All other reports and documents subsequently filed by the Registrant pursuant to Sections 13(a), 13(c), 14 and 15(d) of the Exchange Act (other than Current Reports furnished under Item 2.02 or Item 7.01 of Form 8-K and exhibits furnished on such form that relate to such items) on or after the date of this Registration Statement and prior to the filing of a post-effective amendment to this Registration Statement which indicates that all securities offered have been sold or which deregisters all securities then remaining unsold, shall be deemed to be incorporated by reference herein and to be a part of this Registration Statement from the date of the filing of such reports and documents.
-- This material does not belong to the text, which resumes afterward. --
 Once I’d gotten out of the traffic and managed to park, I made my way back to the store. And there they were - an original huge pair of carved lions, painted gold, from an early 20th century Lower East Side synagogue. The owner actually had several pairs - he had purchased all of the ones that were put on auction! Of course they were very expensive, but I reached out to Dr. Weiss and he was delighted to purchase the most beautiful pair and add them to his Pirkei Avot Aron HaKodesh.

Any statement contained in a document incorporated or deemed to be incorporated by reference herein shall be deemed to be modified or superseded for purposes of this Registration Statement to the extent that a statement contained herein or in any subsequently filed document that also is deemed to be incorporated by reference herein modifies or supersedes such statement. Any such statement so modified or superseded shall not be deemed, except as so modified or superseded, to constitute a part of this Registration Statement.
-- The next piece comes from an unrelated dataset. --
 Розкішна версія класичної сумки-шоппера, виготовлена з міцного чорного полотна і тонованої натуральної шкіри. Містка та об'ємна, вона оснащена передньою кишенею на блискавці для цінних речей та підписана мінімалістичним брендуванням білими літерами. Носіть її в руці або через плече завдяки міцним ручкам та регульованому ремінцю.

ITEM 4. DESCRIPTION OF SECURITIES
Not applicable.
ITEM 5. INTERESTS OF NAMES EXPERTS AND COUNSEL
Not applicable.
ITEM 6. INDEMNIFICATION OF DIRECTORS AND OFFICERS
Section 145 of the Delaware General Corporation Law (the “DGCL”) authorizes a court to award, or a corporation’s board of directors to grant, indemnity to directors and officers under certain circumstances and subject to certain limitations. The terms of Section 145 of the DGCL are sufficiently broad to permit indemnification under certain circumstances for liabilities, including reimbursement of expenses incurred, arising under the Securities Act of 1933, as amended (the “Securities Act”).
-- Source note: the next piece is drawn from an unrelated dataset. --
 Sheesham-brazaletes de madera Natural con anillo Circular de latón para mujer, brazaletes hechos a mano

As permitted by the DGCL, the Registrant’s amended and restated certificate of incorporation that will be in effect immediately prior to the consummation of the Registrant’s initial public offering contains provisions that eliminate the personal liability of its directors for monetary damages for any breach of fiduciary duties as a director to the fullest extent permitted by law.
As permitted by the DGCL, the Registrant’s restated bylaws that will be in effect following the effectiveness of this registration statement provide that:
the Registrant is required to indemnify its directors and executive officers to the fullest extent permitted by the DGCL, subject to very limited exceptions;
the Registrant may indemnify its other employees and agents as set forth in the DGCL;
the Registrant is required to advance expenses, as incurred, to its directors and executive officers in connection with a legal proceeding to the fullest extent permitted by the DGCL, subject to very limited exceptions; and
the rights conferred in the restated bylaws are not exclusive.
The Registrant has entered into indemnification agreements with each of its current directors and executive officers to provide these directors and executive officers additional contractual assurances regarding the scope of the indemnification set forth in the Registrant’s amended and restated certificate of incorporation and restated bylaws and to provide additional procedural protections. At present, there is no pending litigation or proceeding involving a director, executive officer, or employee of the Registrant regarding which indemnification is sought. The indemnification provisions in the Registrant’s amended and restated certificate of incorporation and restated bylaws and the indemnification agreements entered into may be sufficiently broad to permit indemnification of the Registrant’s directors and executive officers for liabilities arising under the Securities Act.
The Registrant has directors’ and officers’ liability insurance for its directors and officers.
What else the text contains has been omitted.